Data provided:
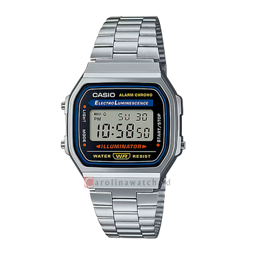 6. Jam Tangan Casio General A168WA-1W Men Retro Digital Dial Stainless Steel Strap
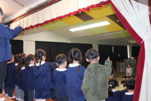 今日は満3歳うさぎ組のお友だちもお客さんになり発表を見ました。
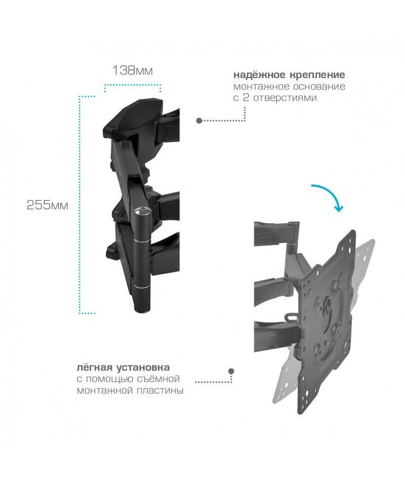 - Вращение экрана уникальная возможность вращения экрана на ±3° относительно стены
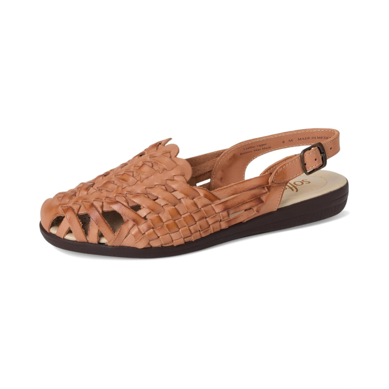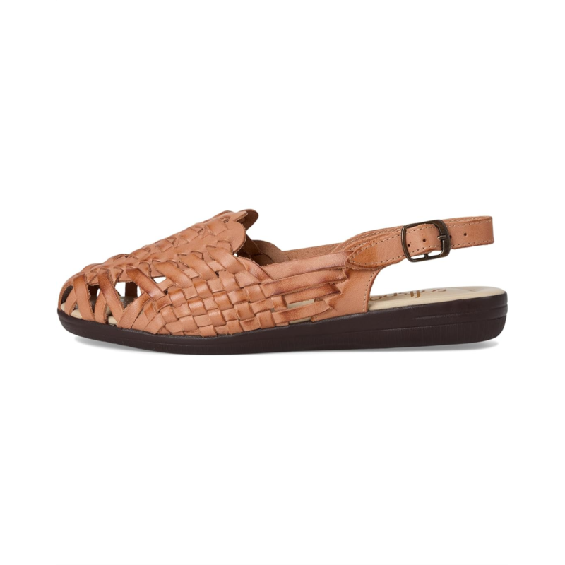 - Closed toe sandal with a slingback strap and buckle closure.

---

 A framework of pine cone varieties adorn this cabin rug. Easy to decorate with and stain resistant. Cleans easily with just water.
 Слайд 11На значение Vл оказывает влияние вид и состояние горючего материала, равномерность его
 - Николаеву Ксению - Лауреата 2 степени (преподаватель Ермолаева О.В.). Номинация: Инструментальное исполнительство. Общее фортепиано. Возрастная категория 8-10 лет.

Description of the task:
Retype the portion of the data above that starts on the line with "A framework of" and finishes on the line with "- Николаеву Ксению", including both of those lines.

Result of this task:
 A framework of pine cone varieties adorn this cabin rug. Easy to decorate with and stain resistant. Cleans easily with just water.
 Слайд 11На значение Vл оказывает влияние вид и состояние горючего материала, равномерность его
 - Николаеву Ксению - Лауреата 2 степени (преподаватель Ермолаева О.В.). Номинация: Инструментальное исполнительство. Общее фортепиано. Возрастная категория 8-10 лет.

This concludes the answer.